Setting the state to "maint" disables any traffic
  to the server as well as any health checks. This is the equivalent of the
  "disable server" command. Setting the mode to "drain" only removes the server
  from load balancing but still allows it to be checked and to accept new
  persistent connections. Changes are propagated to tracking servers if any.

Since this seems a bit vague, I stepped into the rabbit hole of looking at the code of haproxy. I found
1385e33eb089093dbc970dbc2759d2969ae533c5 which fixed a bug in september 2024.
OCP4 is using ancient versions of haproxy, for example: https://docs.redhat.com/en/documentation/openshift_container_platform/4.16/html/release_notes/ocp-4-16-release-notes

This might explain articles like https://medium.com/@ushaushraghunath/haproxy-maint-vs-drain-what-really-happens-to-connections-and-api-requests-6c3da376c299 or https://serverfault.com/questions/705991/haproxy-how-to-prepare-a-server-maintenance-without-kicking-app-sessions that go into the same direction as this PR.

In any case, I still think drain is the correct path forward because of long sticky sessions. Were those part of your tests?

jcmoraisjr · 2026-04-06T17:50:28Z

Hi @christf, the reason of putting a server in maintenance/drain mode is that the underlying endpoint is not available anymore, either due to a scale-in operation, a rolling update or so. Our best option would be to remove the server instead, but this API wasn't available when DCM was developed.

The difference from maint and drain, according to the management doc you pointed, is that the former removes the server from the balancing, while the later also removes but adds an exception for clients whose cookie/sticky session/persistent connection points to it. I also agree that the later could be better for persistent connections, but this is not an option for us since the endpoint should be dead in a moment - and maybe it should already be dead when this api call is made to HAProxy.

From my understanding, what Willy fixed was the ability to redistribute new connections from the queue to new servers. Since it is from the queue, it's not about in flight connections, but instead new ones from clients waiting for a chance to connect to that (persistent) backend server. This is indeed a desirable fix to improve resilience in case of slow backends/small backend server maxconn. This is not related with in flight connections.

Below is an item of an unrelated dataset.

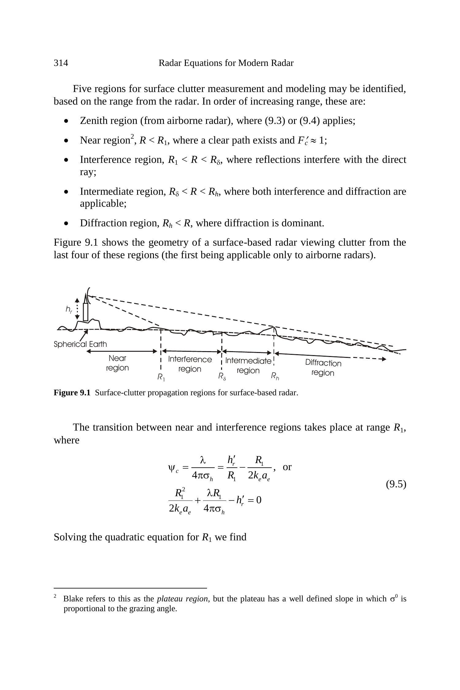图9.1展示了地基雷达从上述后四个区域观察杂波的几何关系(第一个区域仅适用于机载雷达)。

Last but not least, the enable/disable api call approach is dated and needs an update, we are working on add/del api calls instead, making the enable/disable calls deprecated and probably going to be removed. That said, even if drain would be an option for us, it should be going to be removed in the next release.

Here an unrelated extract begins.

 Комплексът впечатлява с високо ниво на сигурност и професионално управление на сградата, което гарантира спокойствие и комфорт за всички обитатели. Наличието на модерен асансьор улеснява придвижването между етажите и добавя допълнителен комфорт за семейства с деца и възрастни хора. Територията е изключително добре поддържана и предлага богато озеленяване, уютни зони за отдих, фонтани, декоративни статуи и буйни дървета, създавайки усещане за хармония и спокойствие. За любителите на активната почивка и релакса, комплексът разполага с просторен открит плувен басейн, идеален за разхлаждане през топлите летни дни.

christf · 2026-04-06T19:25:25Z

Hi @christf, the reason of putting a server in maintenance/drain mode is that the underlying endpoint is not available anymore, either due to a scale-in operation, a rolling update or so.

I argue that there is a design flaw in kubernetes in that are that causes lost requests on rolling deployments without need. The previously referenced thread on kubernetes/kubernetes#106476 discusses that.

It seems that everyone agrees that pods should only be terminated after the loadbalancer was drained but the architecture of kubernetes wasn't built that way. The workaround is to put sleep xx into the pre-stop hook of the container and thereby cause SIGTERM to be delayed by the max duration of a connection. In those cases the shutdown of the pod is delayed until all connections are handled. For this to work, haproxy mustn't break connections itself when removing and endpoint. When the synchronization problem inside k8s is resolved, this is even more relevant. (Ideally, haproxy receives the signal to drain a backend, then signals back when it is drained, then the backend is sent a SIGTERM. This is a different can of worms though).

So, no. This does not get executed when the backend is not available any more. This gets executed whenever haproxy received the request, which is async to the pod lifecycle. The point is: the user can exercise control on how long the backend still lives and therefore it matters if haproxy is breaking connections.

I do agree, we do not have to patch the thing that is about to be deprecated. Will the new api support the use case? (remove a backend only after the last connection has been closed by the client or backend)?

jcmoraisjr · 2026-04-06T21:03:04Z

The point is: the user can exercise control on how long the backend still lives and therefore it matters if haproxy is breaking connections.

This is not what happens from the best of my knowledge. A connection is not dropped once established against a backend server when an API call moves its state to maint. Moving to maint mode means that no new connections can reach that server; established connections are preserved. My guess is that articles stating otherwise are wrong in some way. I'll be happy to run some reproducer proving me wrong.

The del server api call does the same: the removal of the backend server fails in case there is at least one active connection. So answering to your question, the new approach will also preserve in flight connections just like the maint api call, and just like we expect.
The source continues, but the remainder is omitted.